■ **What the task requires**
Please write out all the entries exactly, without the pictures.

*** Data ***

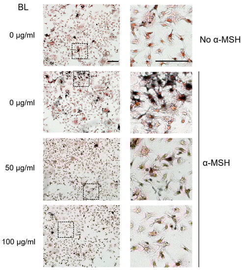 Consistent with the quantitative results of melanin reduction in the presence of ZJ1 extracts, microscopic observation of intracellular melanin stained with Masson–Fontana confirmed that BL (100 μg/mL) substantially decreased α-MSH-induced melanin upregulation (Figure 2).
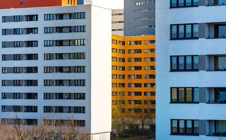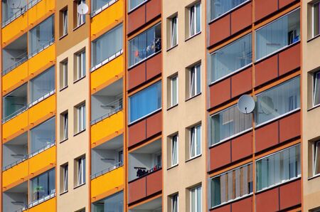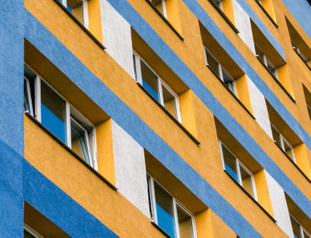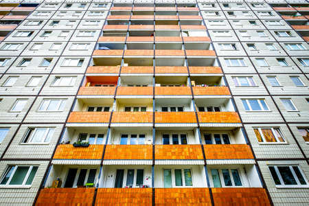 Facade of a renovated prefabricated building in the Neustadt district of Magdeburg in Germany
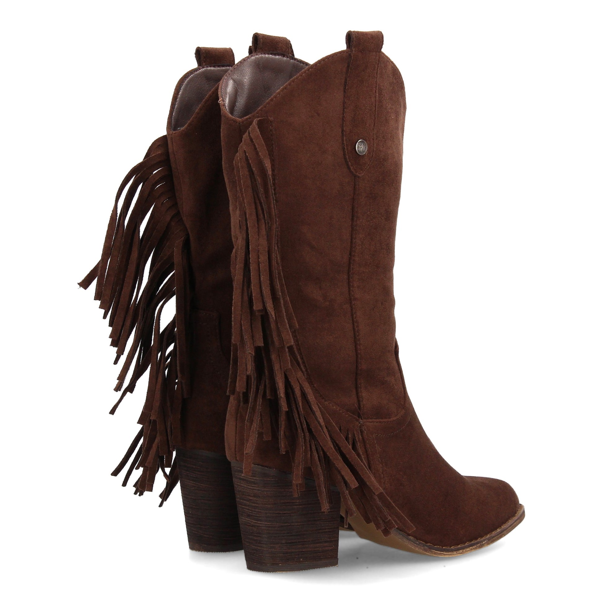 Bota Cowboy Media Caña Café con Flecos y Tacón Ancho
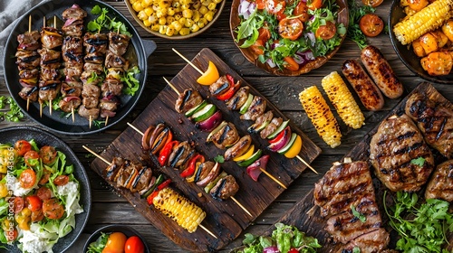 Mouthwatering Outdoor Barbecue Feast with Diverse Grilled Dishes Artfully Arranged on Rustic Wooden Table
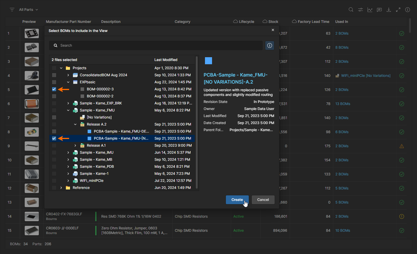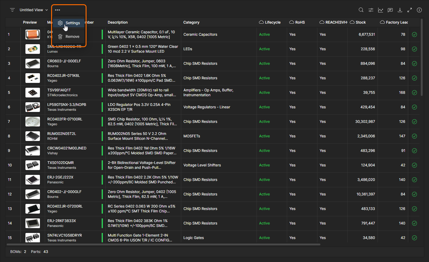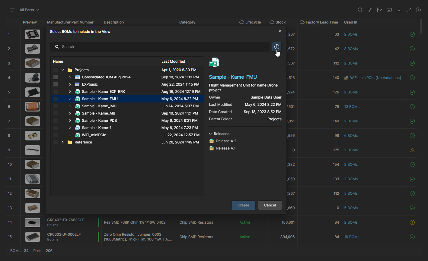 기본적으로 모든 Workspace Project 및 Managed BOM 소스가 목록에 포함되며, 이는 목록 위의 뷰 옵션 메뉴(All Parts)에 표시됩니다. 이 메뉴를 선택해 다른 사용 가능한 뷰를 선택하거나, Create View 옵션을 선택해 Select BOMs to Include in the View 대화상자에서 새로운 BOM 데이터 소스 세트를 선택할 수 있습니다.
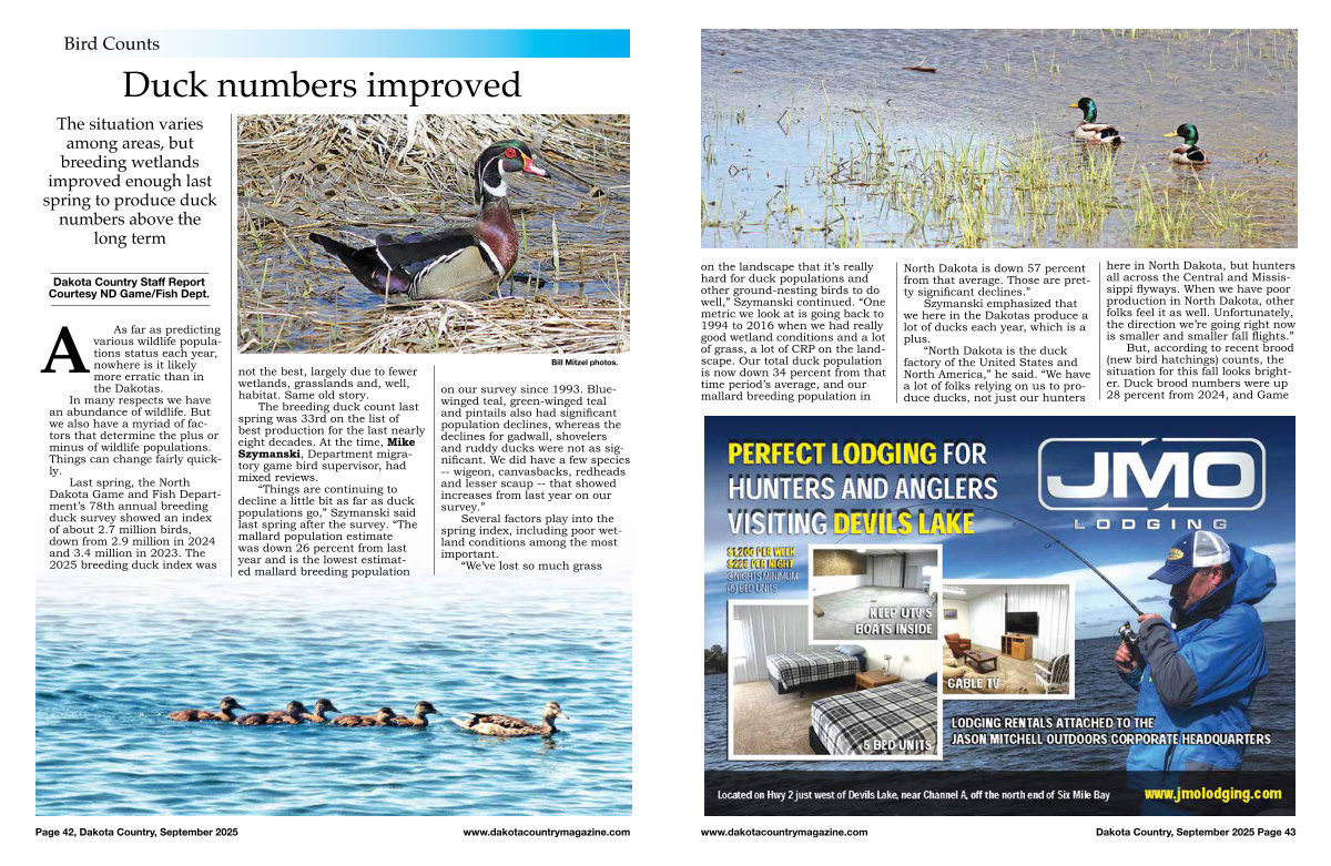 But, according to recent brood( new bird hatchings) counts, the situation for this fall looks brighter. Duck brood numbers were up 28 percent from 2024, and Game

*** End of Data ***

■ **Result of the task**
 Consistent with the quantitative results of melanin reduction in the presence of ZJ1 extracts, microscopic observation of intracellular melanin stained with Masson–Fontana confirmed that BL (100 μg/mL) substantially decreased α-MSH-induced melanin upregulation (Figure 2).
 Facade of a renovated prefabricated building in the Neustadt district of Magdeburg in Germany
 Bota Cowboy Media Caña Café con Flecos y Tacón Ancho
 Mouthwatering Outdoor Barbecue Feast with Diverse Grilled Dishes Artfully Arranged on Rustic Wooden Table
 기본적으로 모든 Workspace Project 및 Managed BOM 소스가 목록에 포함되며, 이는 목록 위의 뷰 옵션 메뉴(All Parts)에 표시됩니다. 이 메뉴를 선택해 다른 사용 가능한 뷰를 선택하거나, Create View 옵션을 선택해 Select BOMs to Include in the View 대화상자에서 새로운 BOM 데이터 소스 세트를 선택할 수 있습니다.
 But, according to recent brood( new bird hatchings) counts, the situation for this fall looks brighter. Duck brood numbers were up 28 percent from 2024, and Game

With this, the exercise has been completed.